"I think you are confusing knowing that a system will perform arithmetic, with the system actually performing arithmetic. The latter does happen sometimes, despite all fallible assumptions."
I think you didn't understand my argumentation; when you say that a physical system does perform arithmetic, then your theory of arithmetic is wrong as soon as you have a contradicting result.Therefore the system is not allowed to perform arithmetic sometimes, but it is required to do it always!
Let's consider this: I find a machine I don't know anything about it. I soon find out it has two input dials and what looks like an output register.
By experimenting with the inputs and noting the outputs I found out that the inputs are presumably decimal numbers and the output looks like the arithmetic sum of these numbers.
I say: 'Oh, looks like it adds two numbers.'; now I'm using this machine many many times, until one day where the result isn't the arithmetic sum (let's assume there is no overflow).
'Bugger, seems this machine is broken...'
Now, the 1M $ question: 'At which point did the machine got broken?'. Did it get broken exactly at the point when it printed the wrong result? But what if the inner workings had the defect way before? And it only prints 'wrong' results for specific inputs?
You clearly don't want to question your theory of arithmetic (because your theory doesn't have any contradictions). But let's assume that the creator of this machine didn't want it to perform addition, but he wanted it to calculate the Foobar-value of two 'numbers'. The Foobar-value looks like addition for a majority of values, but for some combinations it's something completely different.
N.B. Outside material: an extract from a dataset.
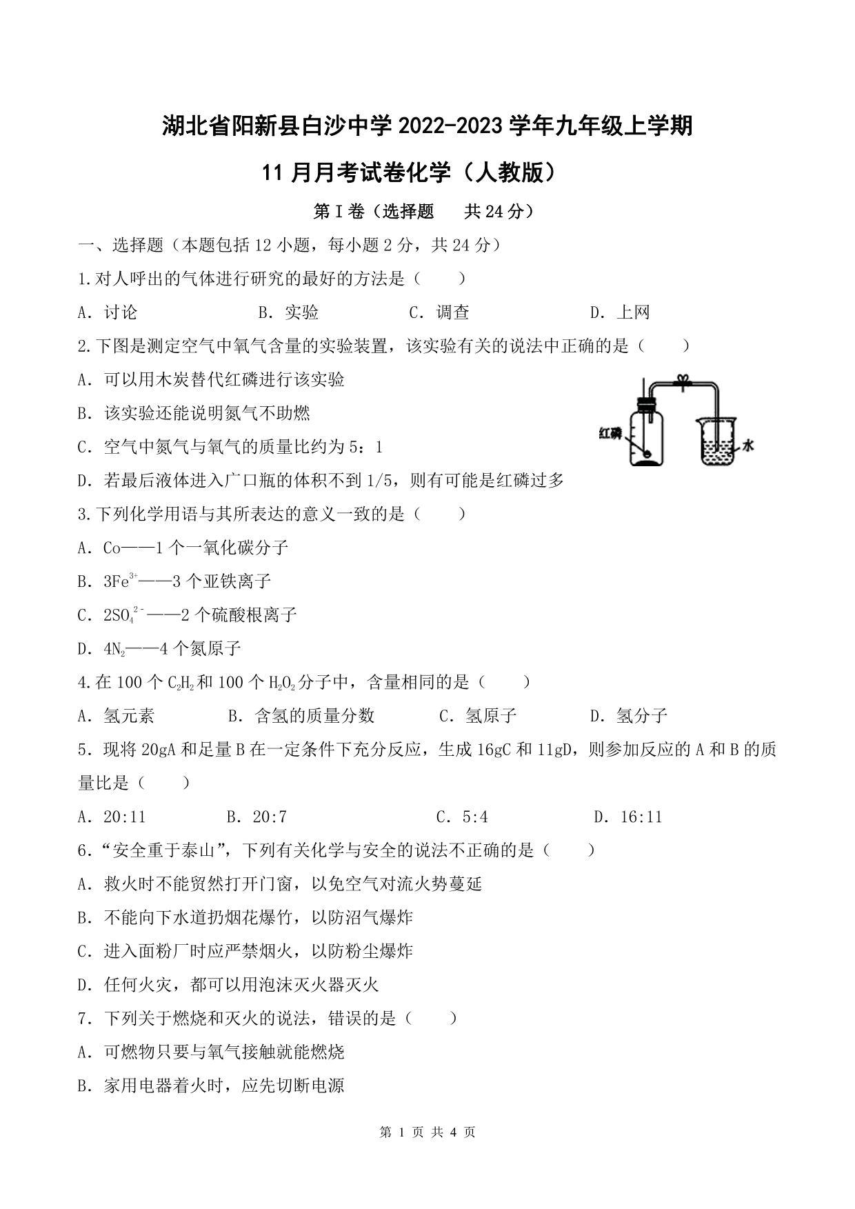 湖北省阳新县白沙中学2022-2023学年上学期11月月考试卷九年级化学(人教版)

Of course you can examine the inner workings of the machine; but if you don't know the intentions of the engineer, you perhaps find the special part that is responsible for the 'wrong' results. You can 'fix' the machine by replacing that part (assuming it's an engineering mistake), or you assume it doesn't calculate the sum of two numbers and try to find out what this Foobar-value might be for.
But we can avoid this problem by knowing that theoretical devices work on different domains than physical devices. And this is, what technology/engineering is all about: Find a mapping between both, that is reasonable under real-world constraints.
"So reductionism is wrong - a thing can be more than the sum of it's parts (since "thing" includes action)."
The problem with this statement is that you don't define what you mean by sum. I for one cannot imagine what the term 'fingers + palm + thumb' is supposed to mean. Apparently by sum you don't mean arithmetic sum, but something different.
Perhaps by 'sum' you mean something like 'put those ingredients into a beaker, shake it a little and then see what you get'.
And of course, if you defined 'sum', you'll need to define 'more' (and 'less') in this context. Perhaps you'll see that it's about the language and how we use it. We overload many words to mean different things and too often we use the special meaning of a word in a context where it doesn't belong.
"To be clear then, your objection is that any physical device that seems to add is doing something different from a "theoretical" device that doesn't actually get built."
As long as the domain on which they act is different, they are doing different things. If your theoretical device includes the whole universe as the domain on which it acts, then you generally cannot prove that they are doing different things (Halting problem).
But I do not say that you cannot create an AI that seems to act like a human, and I am not saying that it wouldn't be thinking like a human or that it wouldn't be conscious.
"Lukas, I don't understand your objection at all. How does disrupting the physical adding machine mid-process prove that it isn't doing addition? One can also disrupt electronic computers mid-process..."
I didn't say it doesn't do addition; I said that it doesn't do the same addition that the 'theoretical' adder is doing. That's what Elizier called 'artificial addition'.
All you can say is that the physical adder will most of the time do a 'physical addition' that corresponds to the 'theoretical addition'; but you need to make a lot of assumptions about the environment of the physical adder (it doesn't melt, it doesn't explode etc.), and those assumptions don't need to hold.
You don't need to make assumptions for the theoretical adder: You define it to do addition.
"Here's a question from a layman: if untold trillions of new universes are being created all the time, where is all that energy coming from to create them?"
Well, you've got the same problem with a single world: Where did the energy for our 'single' Universe when 'it was created' came from?
The problem here is that you assume that universes are created which did not exist before; in this case you indeed need to take the energy from somewhere. But as I understand, they never did not exist (beware of double negation!).
They already existed before the split took place in your personal memory.
But somehow I still can't buy into this thing; where is the symmetry?
Why do splits happen into the future, but not into the past?
Of course, we evaluate the past according to the information we retrieve over time (that's the whole point of Bayes/Markov, isn't it?).
In this way you can say, that with every bit of information/evidence, our memory makes a split into the past.
In this way 'fresher' memory gets mixed up with 'decaying' memory and thus we get a different/more diffuse image of the past.
But it doesn't sound the same like the 'future' splits. We don't have a fresh memory of the future; taking the example of lotteries. We don't remember their outcome seconds before.